Among the entries below, retype exactly the lines starting with the one with "We offer over" and going on through the one with "On Thursday night, a", but not the pictures.

Records provided START

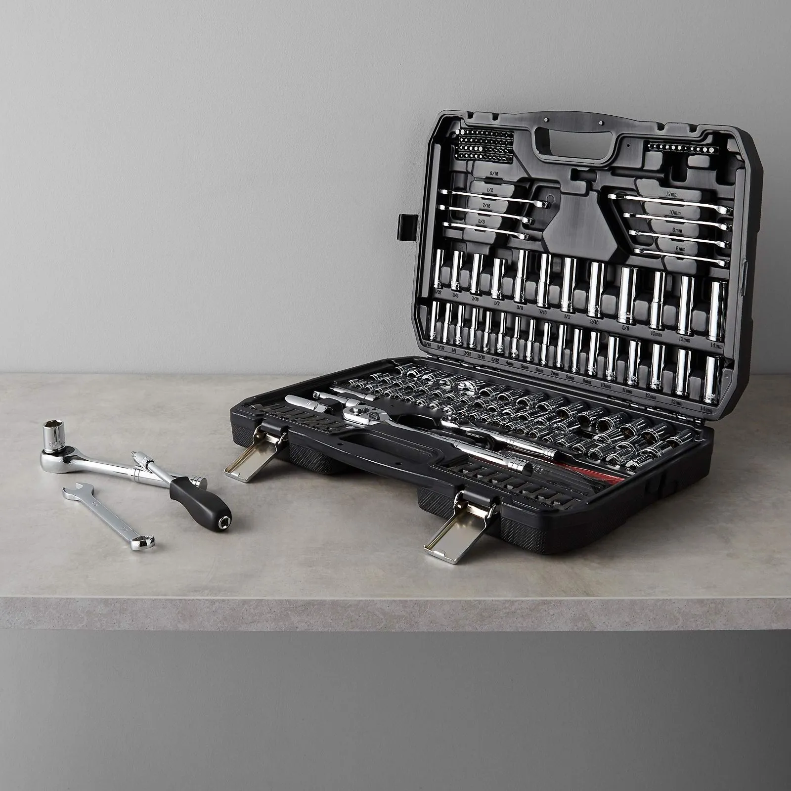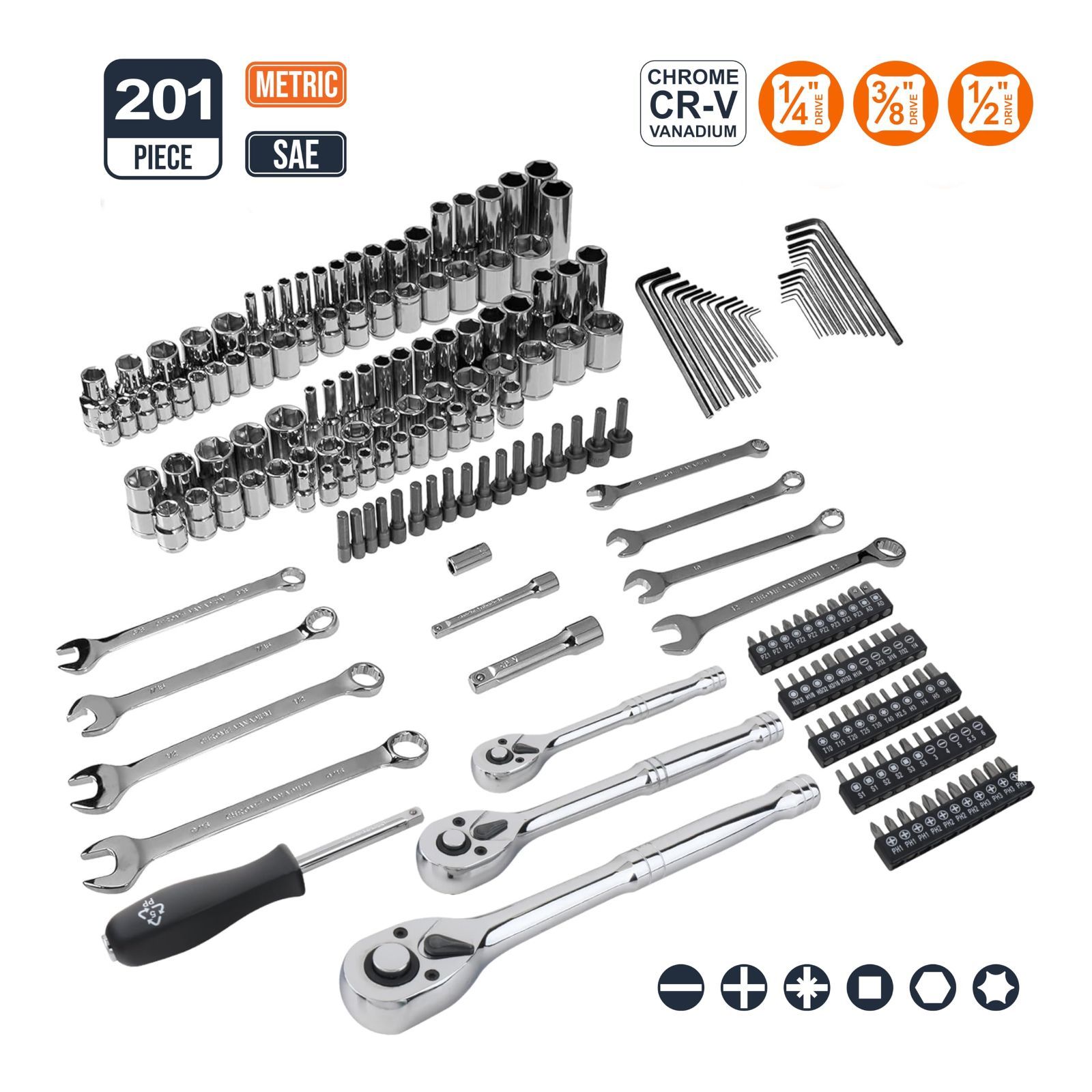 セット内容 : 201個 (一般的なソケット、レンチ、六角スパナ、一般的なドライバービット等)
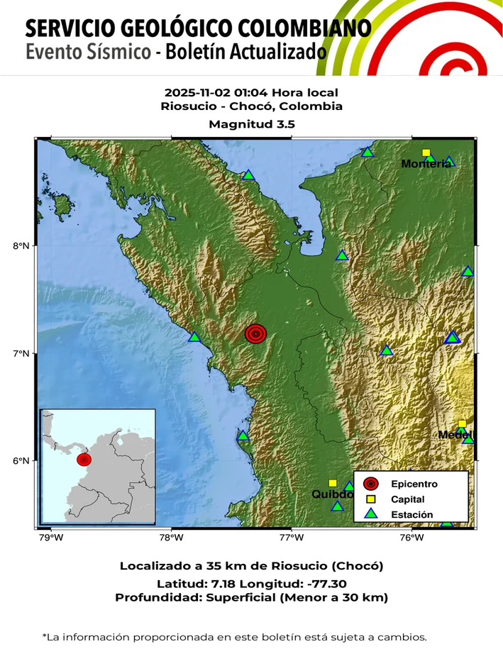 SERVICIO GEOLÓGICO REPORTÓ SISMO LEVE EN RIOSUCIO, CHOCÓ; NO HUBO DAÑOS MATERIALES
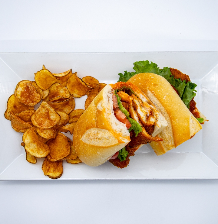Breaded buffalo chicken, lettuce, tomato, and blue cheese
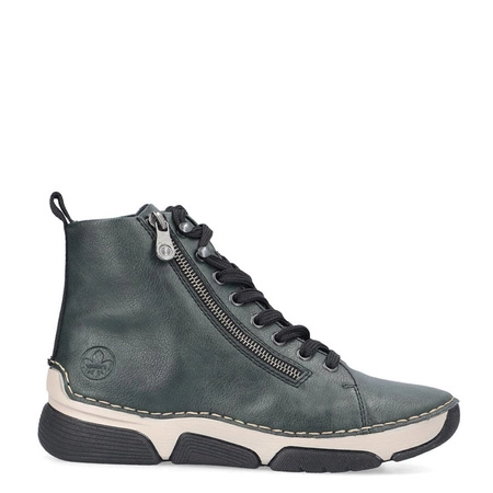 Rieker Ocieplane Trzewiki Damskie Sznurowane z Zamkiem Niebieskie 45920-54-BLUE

Records provided END
Records provided START

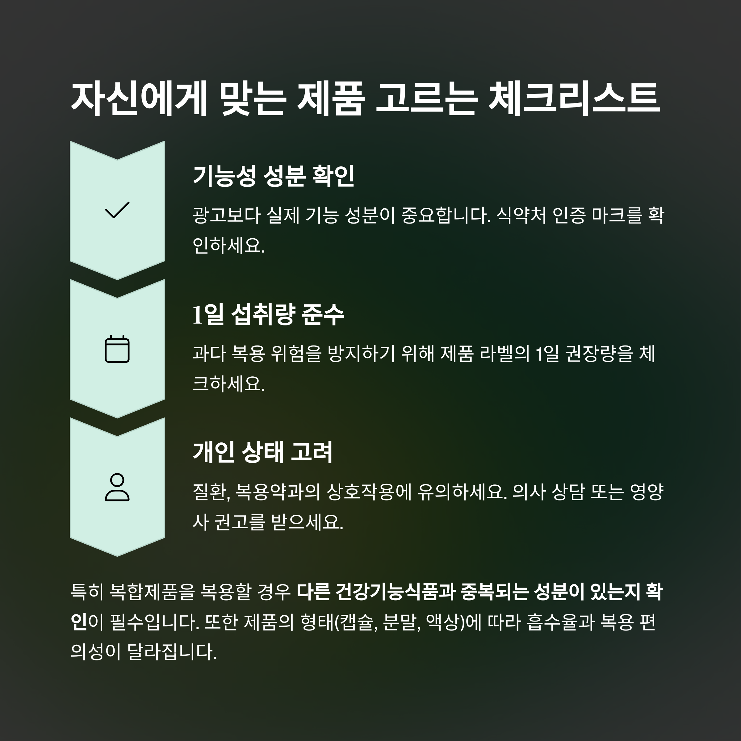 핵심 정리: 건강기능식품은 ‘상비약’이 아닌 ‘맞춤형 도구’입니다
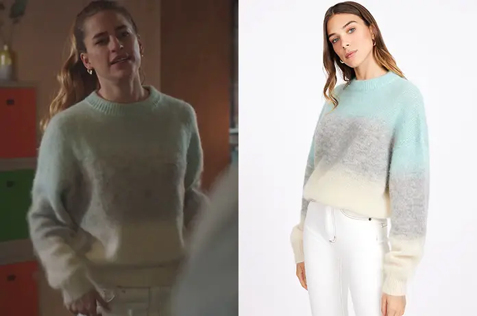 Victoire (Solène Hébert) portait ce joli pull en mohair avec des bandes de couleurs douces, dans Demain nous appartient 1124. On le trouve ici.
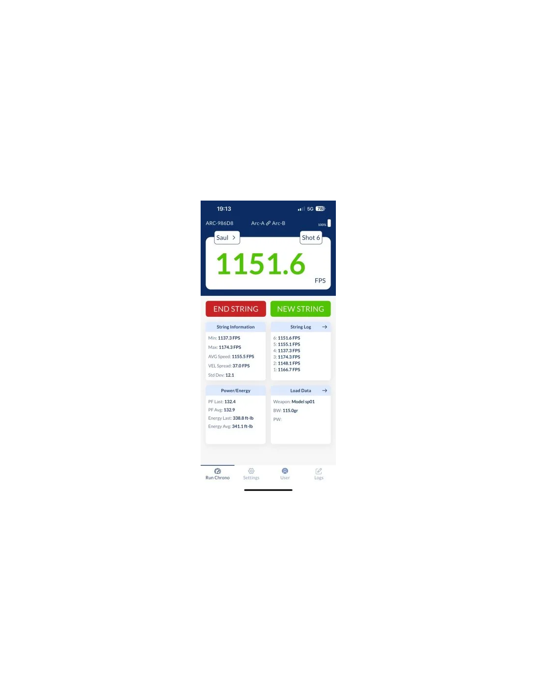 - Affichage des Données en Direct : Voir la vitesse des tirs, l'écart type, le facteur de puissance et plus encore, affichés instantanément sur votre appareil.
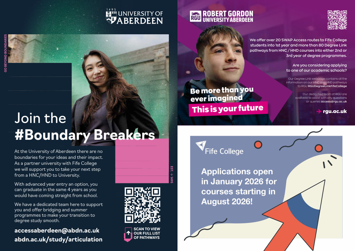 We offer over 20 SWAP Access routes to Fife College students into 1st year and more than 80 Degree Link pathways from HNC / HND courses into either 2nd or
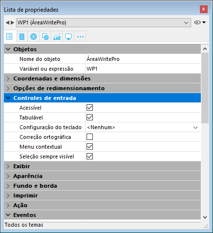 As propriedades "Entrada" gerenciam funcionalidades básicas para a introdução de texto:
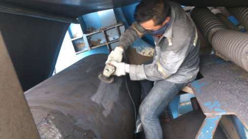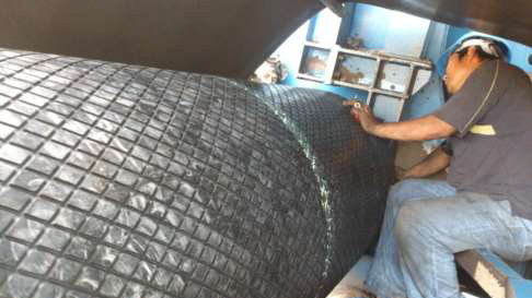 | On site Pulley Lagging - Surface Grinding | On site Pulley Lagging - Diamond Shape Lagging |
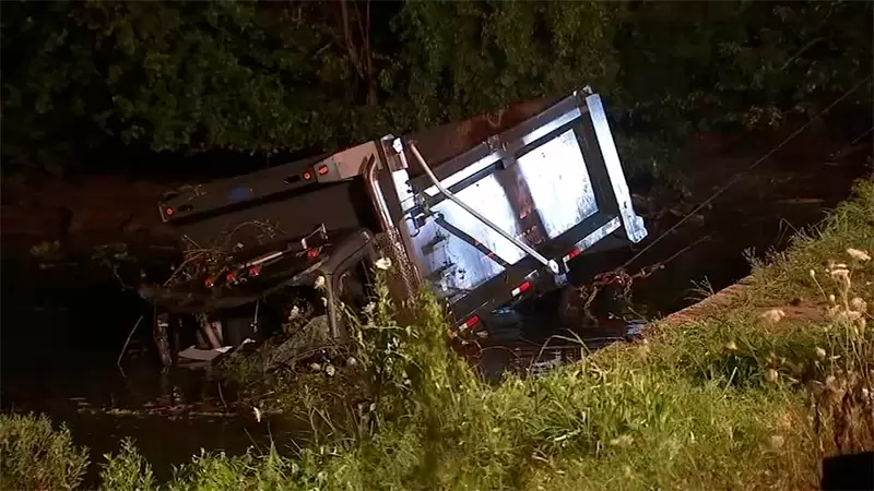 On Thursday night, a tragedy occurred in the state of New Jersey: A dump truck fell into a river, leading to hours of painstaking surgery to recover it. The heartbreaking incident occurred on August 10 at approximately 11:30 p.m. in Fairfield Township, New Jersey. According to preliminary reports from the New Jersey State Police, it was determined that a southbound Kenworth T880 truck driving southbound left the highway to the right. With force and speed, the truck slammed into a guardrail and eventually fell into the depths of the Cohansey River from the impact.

Records provided END

Answer to this exercise =>
 We offer over 20 SWAP Access routes to Fife College students into 1st year and more than 80 Degree Link pathways from HNC / HND courses into either 2nd or
 As propriedades "Entrada" gerenciam funcionalidades básicas para a introdução de texto:
 | On site Pulley Lagging - Surface Grinding | On site Pulley Lagging - Diamond Shape Lagging |
 On Thursday night, a tragedy occurred in the state of New Jersey: A dump truck fell into a river, leading to hours of painstaking surgery to recover it. The heartbreaking incident occurred on August 10 at approximately 11:30 p.m. in Fairfield Township, New Jersey. According to preliminary reports from the New Jersey State Police, it was determined that a southbound Kenworth T880 truck driving southbound left the highway to the right. With force and speed, the truck slammed into a guardrail and eventually fell into the depths of the Cohansey River from the impact.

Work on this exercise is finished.